Мы никому не завидуем в том, какими забавами он услаждает себя в тиши своей каморки или в выдуманном царстве небесном нового образца; однако из всех возможных забав штраусовская – самая удивительная, ибо он услаждает себя при помощи маленького жертвенного очага, в который невозмутимо швыряет самые возвышенные произведения немецкой нации, дабы их дымом кадить своим божкам. Вообразим себе на мгновение, что волей случая Героическая, Пасторальная и Девятая симфонии оказались в распоряжении нашего служителя граций, и в его власти теперь очистить образ мастера путем устранения «проблематичных продуктов», – кто бы сомневался, что он их сожжет?
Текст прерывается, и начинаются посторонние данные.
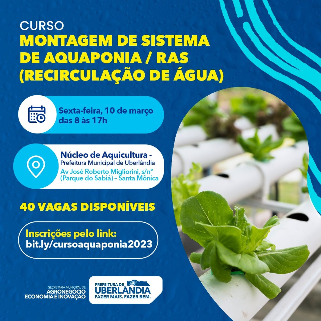 A Secretaria Municipal de Agronegócio, Economia e Inovação (SMAEI) vai promover, no dia 10 de março, a capacitação “Montagem de Sistema de Aquaponia (RAS – Recirculação de Água)”. São 40 vagas para o treinamento, que é gratuito. As inscrições estão abertas e devem ser feitas por meio de formulário online. (Clique aqui e inscreva–se)
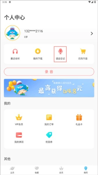 在呼呼收音机个人中心界面点击“语音日记”

Так на самом деле и поступают штраусы наших дней: о художнике они желают слышать лишь в той мере, в какой он годится им в камердинеры, и знают разницу лишь между каждением и сожжением. Что ж, они могут себе это позволить; поражает лишь то, что эстетическое общественное мнение до такой степени бледно, неуверенно и совратимо, что без всяких возражений мирится с таким выставлением напоказ ничтожнейшего филистерства, что даже не способно ощутить комизм сцены, в которой магистришка антиэстетики выступает судьей над Бетховеном. Что же касается Моцарта, то тут поистине справедливо сказанное Аристотелем о Платоне: «Низкий человек не имеет права даже хвалить его». Здесь же утрачен всякий стыд, как публикой, так и магистром: ему не только позволяют публично чураться величайших и чистейших свершений германского гения, как если б он узрел нечто непристойное и безбожное, но даже и радуются его откровенным исповедям и признаниям грехов, – особенно из-за того, что он признает грехи, совершенные не им, а, как ему представляется, великими гениями. А что если и в самом деле наш магистр всегда прав, – думает его преданный читатель, подчас испытывая, правда, прилив некоторого сомнения. Он же сам стоит здесь, улыбающийся и уверенный, разглагольствуя, проклиная и благословляя, сам перед собою подметая пол шляпой, и в каждое мгновение готовый сказать то же, что герцогиня Де Лафорт говорила мадам де Сталь: «Должна признаться, моя дорогая подруга, я не знаю никого, кроме себя, кто бы постоянно оказывался прав».

 

6

Труп – прекрасная мысль для червя, а червь – ужасная мысль для всего живого. Черви представляют себе свое царство небесное в виде жирного тела, профессора философии – как копание в шопенгауэровских внутренностях, и покуда есть грызуны, будет существовать и рай для грызунов. Тем самым мы ответили на наш первый вопрос: как представляет себе исповедник новой веры свое царство небесное? Штраусовский филистер хозяйничает в произведениях наших великих поэтов и композиторов, как червь, который живет путем разрушения, восхищается путем пожирания и поклоняется путем переваривания.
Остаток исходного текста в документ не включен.